Experimental controls

The design of controls depends largely on the screen format. Vehicle controls should be used in parallel with experimental agents if the screen uses a chemical compound to exert selection pressure. The vehicle can often be the solvent used to dissolve the selection agent, the inactive enantiomer, or some other version of the selection agent. For instance, if one wishes to study genes that render protection or sensitivity against oligomeric amyloid beta (Aβ) in the context of Alzheimer’s disease, a suitable negative control would be monomeric Aβ.

Frequently, non-targeting sgRNAs are employed as negative technical controls [47, 57, 83]. If sensitivity/resistance genes to a particular selection agent are known, one may consider sgRNAs targeting these validated genes as functional positive controls [46]. Technical controls are used at various steps during the screen. For example, one may spike in sgRNAs that have no sequence match in the host genome to assess the technical performance of amplification and NGS. Although not yet widely applied, the targeting of non-essential genes or ‘safe harbor’ regions may serve the same purpose in a negative selection survival screen [84].

sgRNA amplicon sequencing

Following the selection step, DNA is harvested from surviving or FACS-sorted cells, and PCR is used to amplify the sgRNA protospacer sequences within these cells using primers that pair to the constant regions in each sgRNA viral plasmid, namely the U6 promoter region upstream and the sgRNA scaffold region downstream of the protospacer.

The presence of PCR primers can sometimes create technical difficulties on some fluorescence-based sequencing platforms because the primer sequences included at the 5′ end of each amplicon will generate the exact same bases for each cycle of sequencing, lowering diversity. Hence, to improve diversity, 1–10 random bases have been added to the 5′ end of each forward primer to make them slightly different and to stagger the order of sequencing [47, 85]. In addition, reverse primers may contain unique barcodes to differentiate biological replicates and treatment groups so that samples and controls can be analyzed simultaneously, minimizing run-to-run variances. Following NGS data acquisition, normalized reads of sgRNAs are tallied in samples and controls [47, 64], and it is verified that coverage of the sgRNA library has been maintained in the controls [86].

Sequencing analysis, statistics and candidate gene ranking

Analysis of the NGS data obtained from a CRISPR-Cas9 functional genomics screen should reveal a skewed distribution of sgRNAs in the experimental group compared with the control, reflecting the functional selection that has occurred [87]. Several algorithms are available to identify and rank the hits. In addition to computing the fold enrichment or depletion of a sgRNA in samples versus controls, these algorithms exploit for their ranking analysis the built-in redundancy of having several sgRNAs targeting a given genomic entity [87,88,89].

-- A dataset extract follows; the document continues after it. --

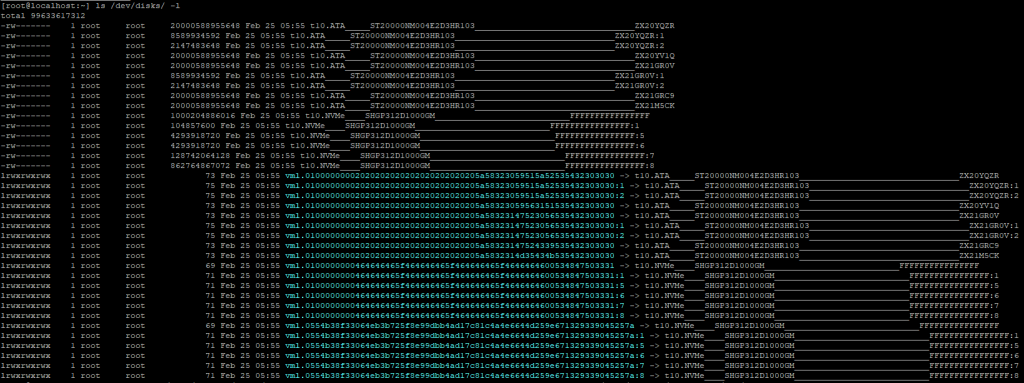 ls /dev/disks/ -l

Several of these algorithms, e.g., the Redundant siRNA Activity (RSA) and the RNAi Gene Enrichment Ranking (RIGER) algorithms, were originally developed for analyzing data from siRNA-based functional genomics screens and barcoded microarray platforms [87]. Whereas RSA evaluates the signal of all sgRNAs and assigns a p-value based on an iterative hypergeometric distribution formula [90], RIGER uses Kalmogorov-Smirnov statistics to calculate an enrichment score and rank the hits based on a permutation test [91]. Although there is no consensus on the best method of analysis, the more recently developed sgRNA-specific negative-binomial model-based analysis of GeCKO (MAGeCk) algorithm was reported to exhibit superior specificity and sensitivity when comparing experimental datasets [88]. A program similar to MAGeCk, named PinAPL-Py, offers a user-friendly web-based workflow [89].

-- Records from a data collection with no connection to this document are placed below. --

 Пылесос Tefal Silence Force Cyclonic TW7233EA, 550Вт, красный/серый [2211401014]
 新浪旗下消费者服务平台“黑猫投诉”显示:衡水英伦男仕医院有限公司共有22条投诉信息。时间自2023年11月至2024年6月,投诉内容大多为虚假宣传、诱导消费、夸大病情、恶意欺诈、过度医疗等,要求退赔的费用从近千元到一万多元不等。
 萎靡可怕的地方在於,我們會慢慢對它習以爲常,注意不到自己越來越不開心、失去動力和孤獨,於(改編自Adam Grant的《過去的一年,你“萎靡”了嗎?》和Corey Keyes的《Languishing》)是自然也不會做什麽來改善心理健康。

Validation of screen results

Screens produce a ranked list of candidate genes. In order to determine which and how many of these genes contribute to the phenotype, validation is essential. Cas9-mediated off-target DNA damage may lead to false positives [57, 66]. Investigators must also consider the pleiotropic effects of genetic manipulation to genes with multiple transcription start sites [92] or multiple splice variants [50], and the observation that introns or regulatory sequences of one gene may affect the expression of another [93]. Moreover, unlike classic Mendelian diseases, neurological diseases tend to be polygenic and involve complex interactions among gene products [94, 95]. Thus, investigators need to be alert to the fact that a CRISPR-Cas9 functional genetic screen, wherein genes are knocked out, repressed, or overexpressed one at a time, cannot capture synthetic lethal outcomes.

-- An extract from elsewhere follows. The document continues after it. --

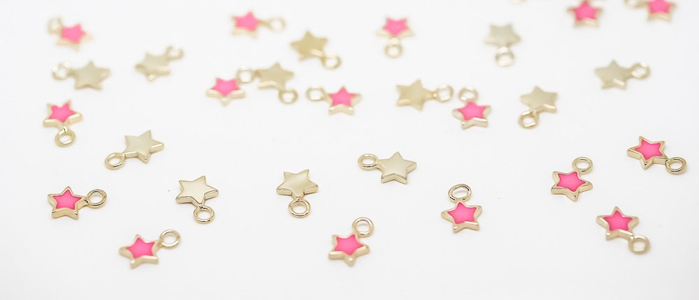 20 pcs of Gold Enamel Stars black, white, light yellow, turquoise, hot pink, baby pink, red, navy blue CPG570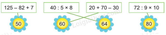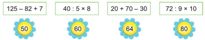 Tính giá trị của mỗi biểu thức sau: Chọn giá trị đúng với mỗi biểu thức sau: Chọn dấu (+, - ) thích hợp:

A freely available online tool, termed CRISPulator (http://crispulator.ucsf.edu), can be used to model the impact of screen parameters on pooled screening results. The use of this algorithm can save valuable time and resources by providing a good estimation for how a large number of design choices in CRISPRi or CRISRP KO screens are predicted to affect outcomes [96].

Although a common framework has emerged for the validation of hits, specific procedures may vary depending on the experimental question. To begin with, validation is typically directed toward genomic elements that exhibited the highest ratios of enrichment or depletion, corroborated by multiple sgRNAs, thereby giving them the highest rank in the analysis. The functional significance of candidates can be further informed by whether other genes acting on the same pathway are also implicated.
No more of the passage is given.